## Your assignment:
Nothing but the lines below from the one containing "おうち時間を贅沢に。高級感の" through the one containing "The price could" should appear in the answer, exact and without pictures.

## Input records:
=====
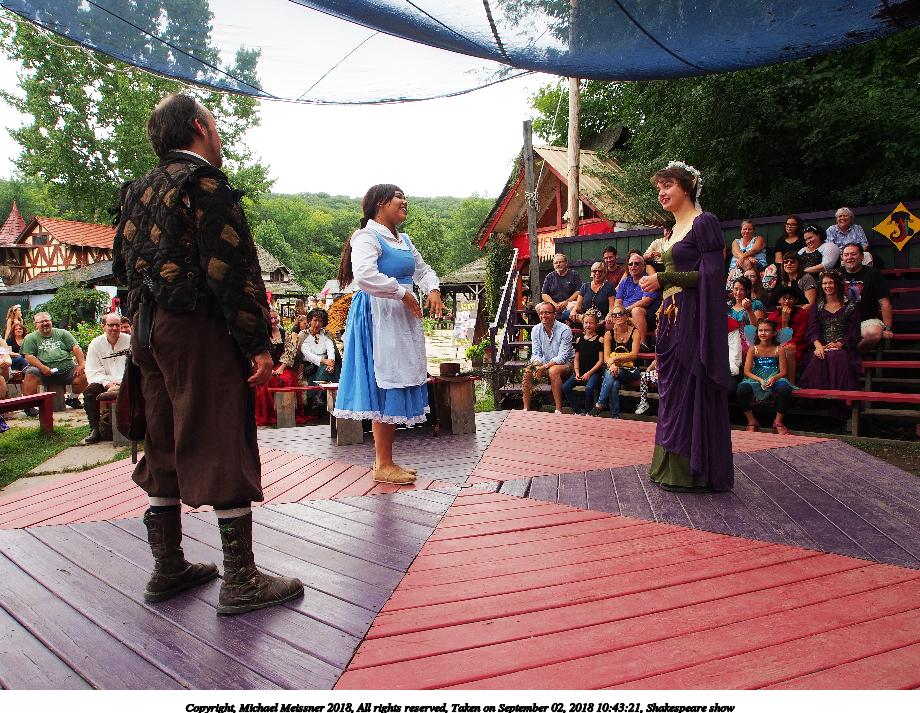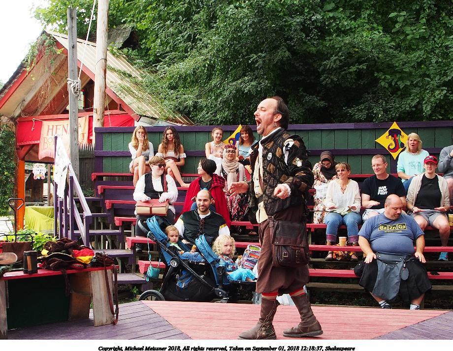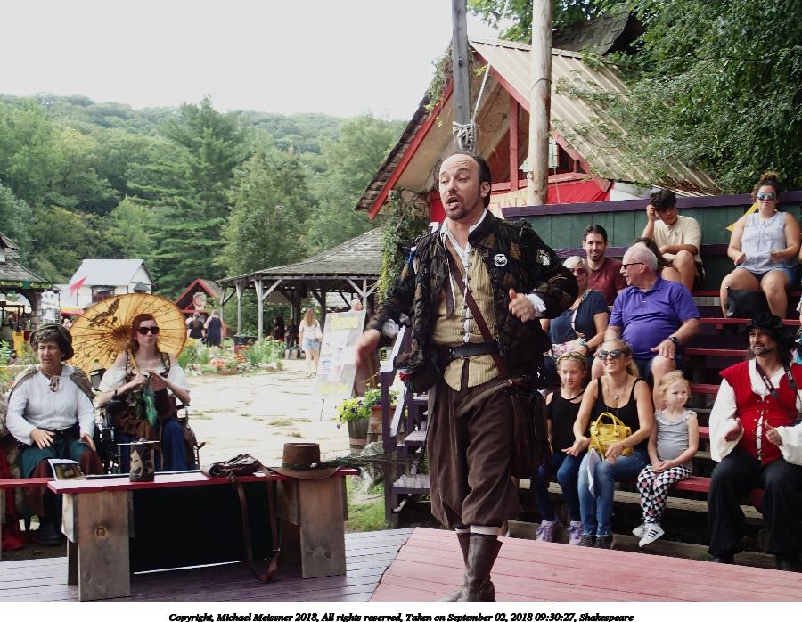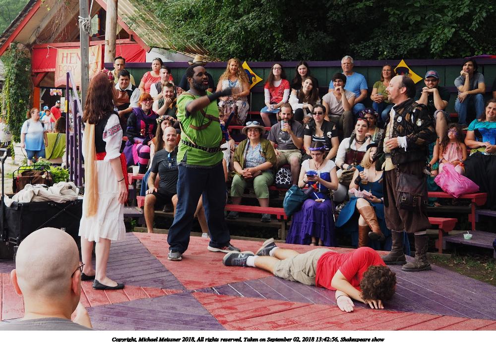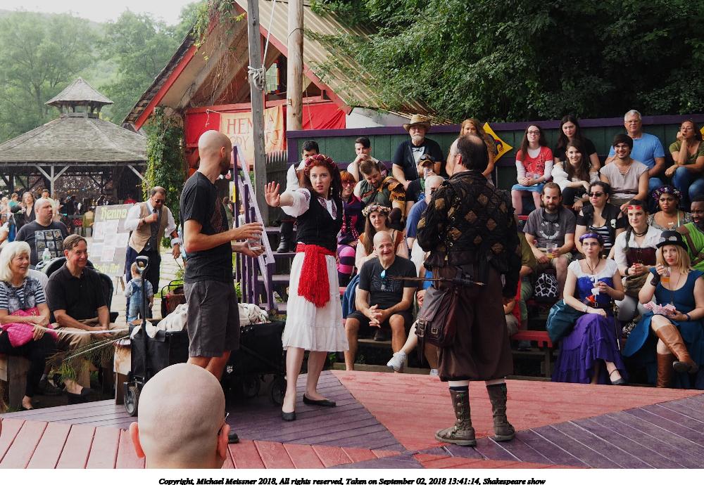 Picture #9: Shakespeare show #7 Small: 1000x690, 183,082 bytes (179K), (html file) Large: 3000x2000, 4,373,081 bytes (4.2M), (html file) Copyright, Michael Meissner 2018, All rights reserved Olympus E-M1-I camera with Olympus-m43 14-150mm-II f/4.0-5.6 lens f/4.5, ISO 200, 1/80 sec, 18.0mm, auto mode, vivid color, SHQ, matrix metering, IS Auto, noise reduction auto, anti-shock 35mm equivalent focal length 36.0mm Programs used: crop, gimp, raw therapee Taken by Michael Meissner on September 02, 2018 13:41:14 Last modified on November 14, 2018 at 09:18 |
=====
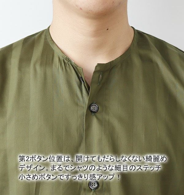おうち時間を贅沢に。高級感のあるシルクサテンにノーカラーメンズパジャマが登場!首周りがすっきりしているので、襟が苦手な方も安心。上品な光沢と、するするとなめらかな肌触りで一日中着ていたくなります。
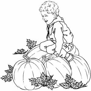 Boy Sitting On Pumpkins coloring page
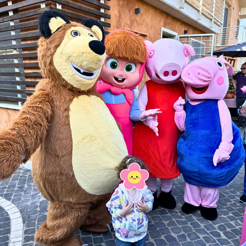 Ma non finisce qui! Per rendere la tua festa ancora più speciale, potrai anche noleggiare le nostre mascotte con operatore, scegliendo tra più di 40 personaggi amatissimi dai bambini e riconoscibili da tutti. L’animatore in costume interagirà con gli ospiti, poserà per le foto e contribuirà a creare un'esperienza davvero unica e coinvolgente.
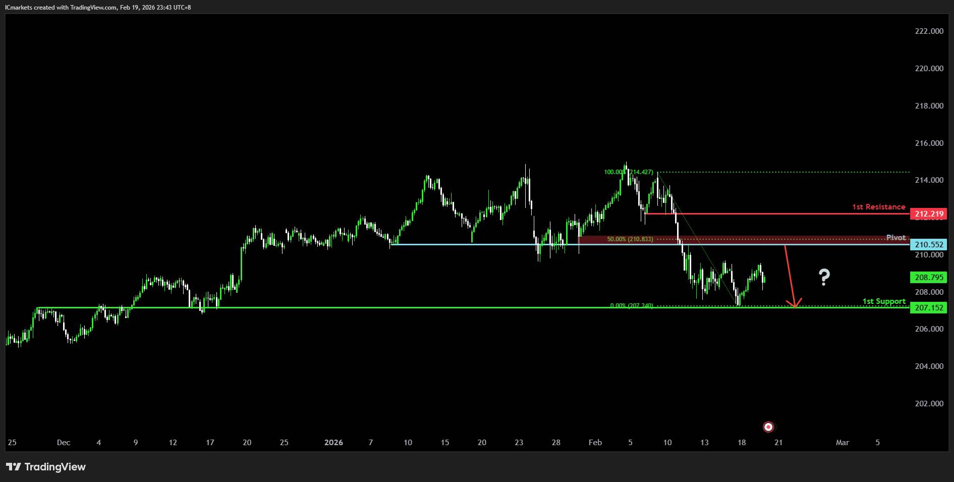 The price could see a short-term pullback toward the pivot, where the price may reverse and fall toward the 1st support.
=====
## Solution below:
おうち時間を贅沢に。高級感のあるシルクサテンにノーカラーメンズパジャマが登場!首周りがすっきりしているので、襟が苦手な方も安心。上品な光沢と、するするとなめらかな肌触りで一日中着ていたくなります。
 Boy Sitting On Pumpkins coloring page
 Ma non finisce qui! Per rendere la tua festa ancora più speciale, potrai anche noleggiare le nostre mascotte con operatore, scegliendo tra più di 40 personaggi amatissimi dai bambini e riconoscibili da tutti. L’animatore in costume interagirà con gli ospiti, poserà per le foto e contribuirà a creare un'esperienza davvero unica e coinvolgente.
 The price could see a short-term pullback toward the pivot, where the price may reverse and fall toward the 1st support.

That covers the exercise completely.